Here are the things I know about Evelyn, my maternal grandmother.
She was born in 1911, on November 10 in McLemoresville, Tennessee. She gave the best backscratches that I’ve ever gotten, and I loved to go and stay with her especially if I got to stay upstairs at her house. She told fabulous stories and shared any information you wanted to know and a lot that you didn’t. She was particular and fastidious. When I was a young teenager, we took a trip to England. I wish I could have a do-over of that trip and share with her the respect and love she deserved and didn’t really get from me at the time.
Her born name was Mary Evelyn Bramley. My name, Marylyn, is a contraction of Mary Evelyn. She watched her little brother, James Adrian, die when he was four years old of diphtheria. She said she saw a look of peace and happiness come over his face when he left this world and that was why she believed in God and heaven.
She ran off and got married when she was in high school, to the star of the basketball team. Her family disowned her for this. In fact, her father, a county judge, begged her to let him have the marriage annulled. She refused. Her parents sent her out of their house and as she was leaving her mother turned out the porch light and told her that she had turned out the light in her heart. When she graduated valedictorian of her 1929 high school class, her immediate family did not attend. I think her grandmother, Grandma Bramley, did.
She and her husband, Gerald Carter, went off to live in Memphis after graduation. She got a job as an elevator operator. She was fired at some point because during the depression married women were often fired in favor of married men and single men and single women.

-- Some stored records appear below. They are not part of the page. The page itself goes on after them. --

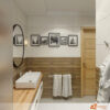 Koupelna kombinuje přírodní dřevo s čistou bílou barvou, která pokrývá horní část stěn. Dřevěné obložení do poloviny výšky přináší do prostoru teplý a útulný pocit, zatímco bílá část stěn působí svěže a vzdušně. Tento kontrast vytváří příjemnou rovnováhu mezi moderním a přírodním stylem.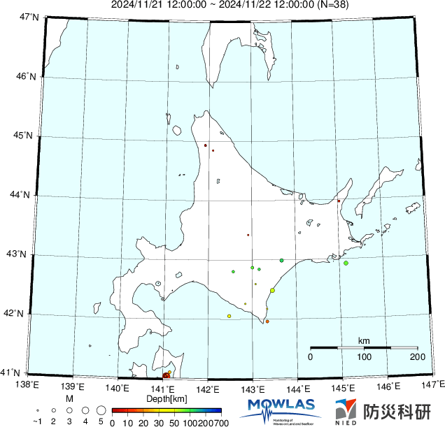 ●Hi-net日本地震分布と気象庁・・・hi-netの小笠原のデータは掲載日がずれて反映されるようです(翌々日に掲載)。掲載されないものもあるようなので気象庁の画像も付けます
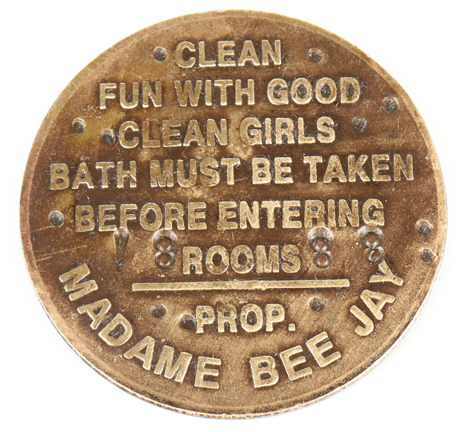 Brothel Token Vriginia City, dated 1888. Grade: Very Good ++ - Value: 10 to 50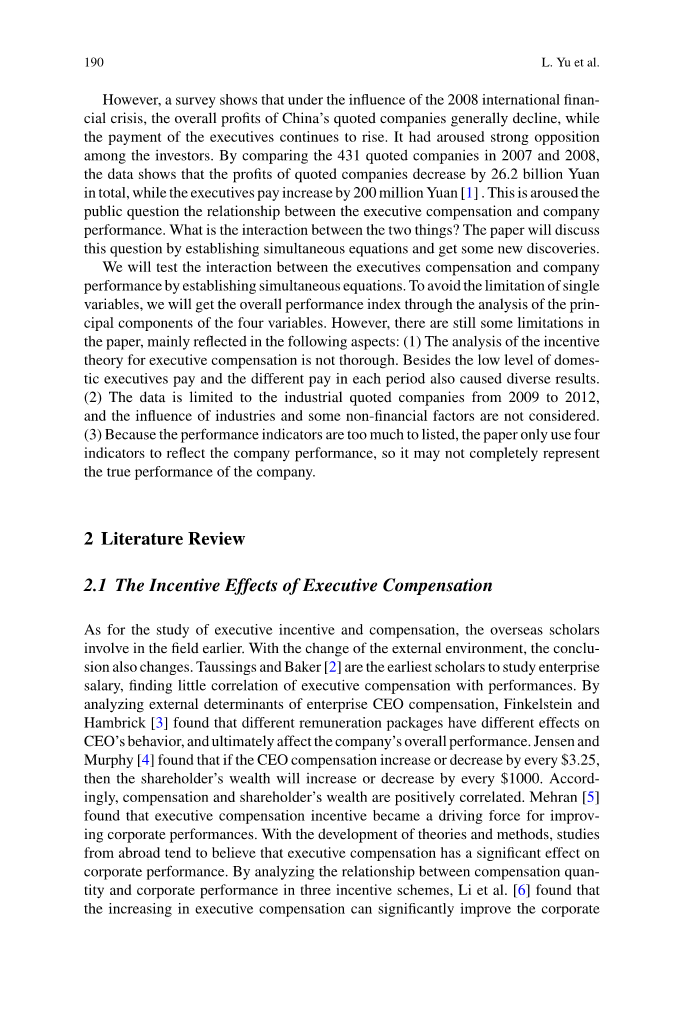 关键词:联立方程模型;主成分分析;高管薪酬;企业绩效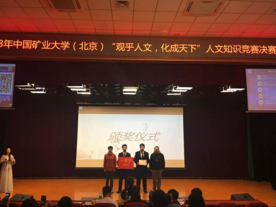 2018年11月14日晚,我院承办的第十届中国矿业大学(北京)人文知识竞赛决赛在沙河校区学生活动中心成功举办。校团委老师艾博、我院团委书记陆雪松、辅导员陈蒙出席比赛,大赛邀请到北京大学中文系博雅博士后赵昱、往届北京市人文知识竞赛优秀选手赵正凯、洛柏森、展鹏飞担当评委。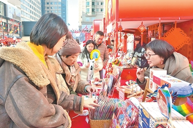 2月12日,市民和游客在隆福寺新春市集前選購文創(chuàng)產(chǎn)品。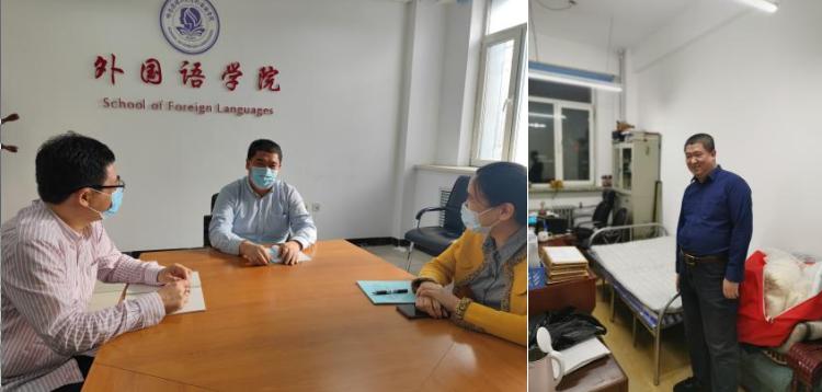 日语系系主任徐英东老师回到学校,他直奔办公室,开始收集疫情防控相关信息、整理数据、查看文件,随时待命状态,同时紧急召开线上班会了解学生情况,传达落实学校相关疫情防控政策,安抚在校学生情绪。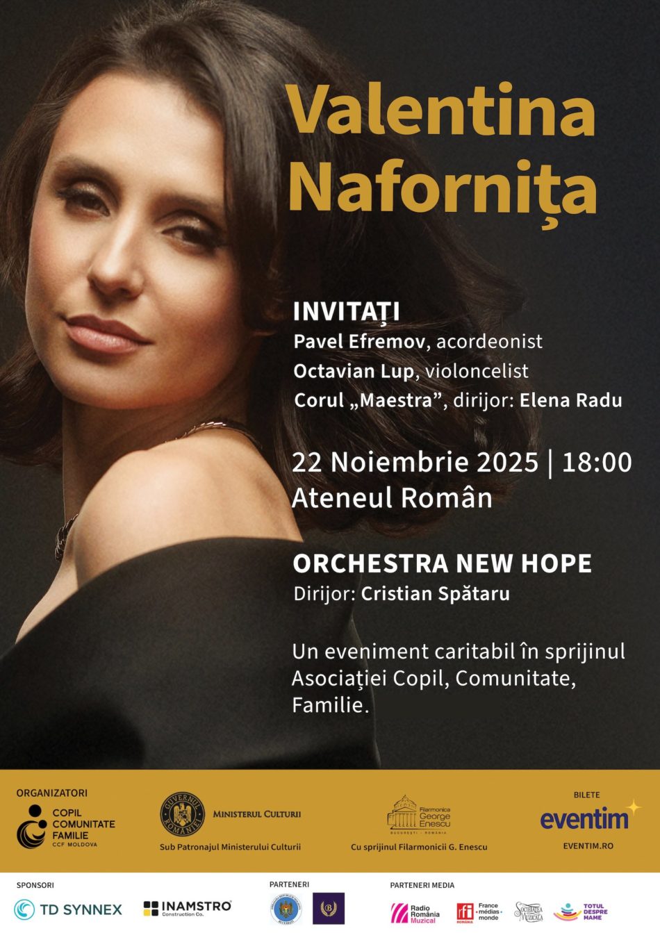 Pe 22 noiembrie 2025, Valentina Nafornița, soprana care a cucerit publicul de pe marile scene ale lumii, va fi prezentă pe scena Ateneul Român. Alături de ea se va afla Orchestra New Hope, sub bagheta dirijorului Cristian Spătaru, precum și invitați speciali: Octavian Lup (violoncel), Pavel Efremov (acordeon) și Corul de copii „Maestra”.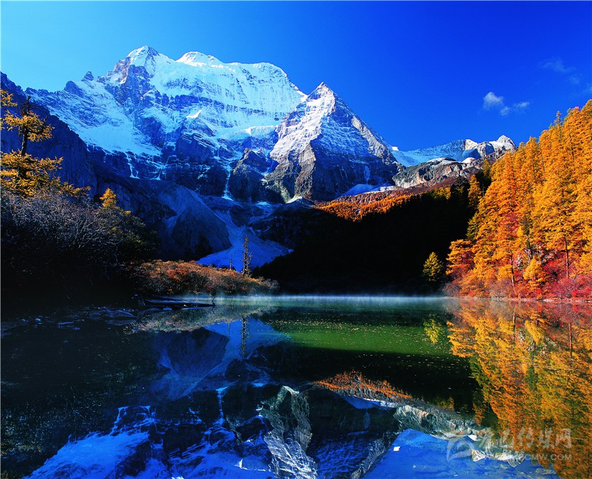 藏語意為:“文殊菩薩”,為“三怙主”雪山的南峰,海拔高度為5958米,在佛教中排在“三怙主”雪山之首。文殊菩薩在佛教中是智慧的化身,雪峰像菩薩師利用手中的智慧之語直指蒼穹,冰晶玉潔的央邁勇傲然于天地之間。一九二八年,洛克先生在云南與稻城毗鄰的群山重嶺中,遙望見了央邁勇,被她圣潔,高貴的氣質折服,在他的日記中寫到“她(央邁勇)是我見到世界上最美的山峰?!?/p>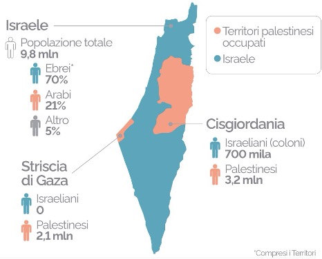 La mappa demografica di Israele e i Territori Occupati prima dell’attacco del 7 ottobre (fonte Israeli Central Bureau of Statistic, Anp)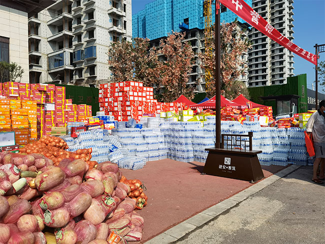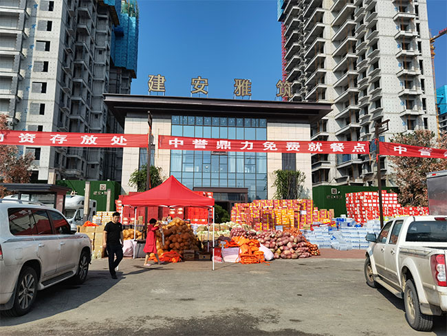 衛輝暴雨救援|中譽鼎力在建安雅筑設立救助站,配送水、食品與蔬菜物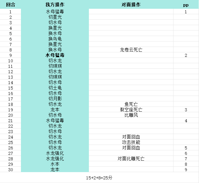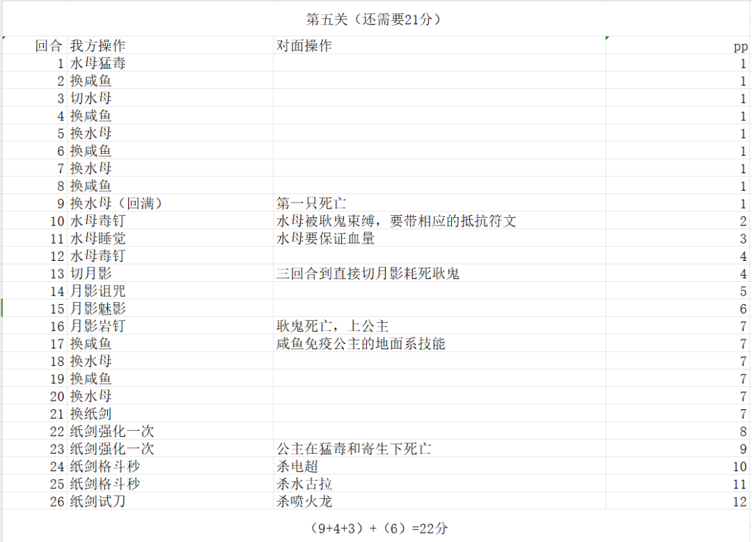 总结:要想达到125分的扫荡条件,需要每关平均下来要获得25分。想要达到这一条件则需保持宠物的高血量和pp的使用。pp的使用要控制在10及其以内,这样可以获得8分;之后则是宠物血量的保持,在血量方面我们则需要获得17分。当然,如果有的关卡是可以强化之后直接推的话,则可以在回合数上获得不少的分数,这样可以降低后续对血量和pp的要求。

She worked her way through college. First she went to Bethel College and then, later, the University of Tennessee. She graduated from Tennessee in 1937 with a degree in home economics. She left her husband with her parents when she went to Knoxville. She boarded with a family by the name of Sharpe. When she graduated, she took a job with the Georgia Power Company as a Home Demonstration Agent and wrote her husband that she wanted a divorce as she had lost one job by being married and didn’t intend to lose another.
For the rest of her life, her mother would frequently accuse her of going off and leaving her with Gerald Carter to feed.
She met my grandfather, Orville James Pace (nee James Orville Pace, but he changed his name when he went into the army because he always went by Orville and the army doesn’t let you use your middle name as your first), when she worked in Georgia. They married and had twins named Penelope and Patricia. One was stillborn and the other only lived a day or so. She went back to McLemoresville to recuperate where Gerald Carter spotted her on her parents porch one day and told her she was looking fat. She told him that she guessed so since she was just getting over being pregnant with twins that she lost.
When she got back to Georgia, she found tissues all over the floor where Orville had cried over the loss of the twins. I have the dresser that they had bought to keep the twins’ clothes in.
In 1943 she had my mother. She never had additional children, although she had my mother vaginally even after a caesarean with the twins so that she could have more children.
I’m pretty sure she was the toughest mother that ever existed. People always tell my mother that she was a well behaved child and she says “I didn’t have any choice.”
Evelyn died in 1994. I went to her house to help my mother clean things out, and I discovered that she had kept almost every letter she had ever received. I’ve held on to those letters since 1994. One of my greatest dreams has been to turn them into a book. I hope to do her justice.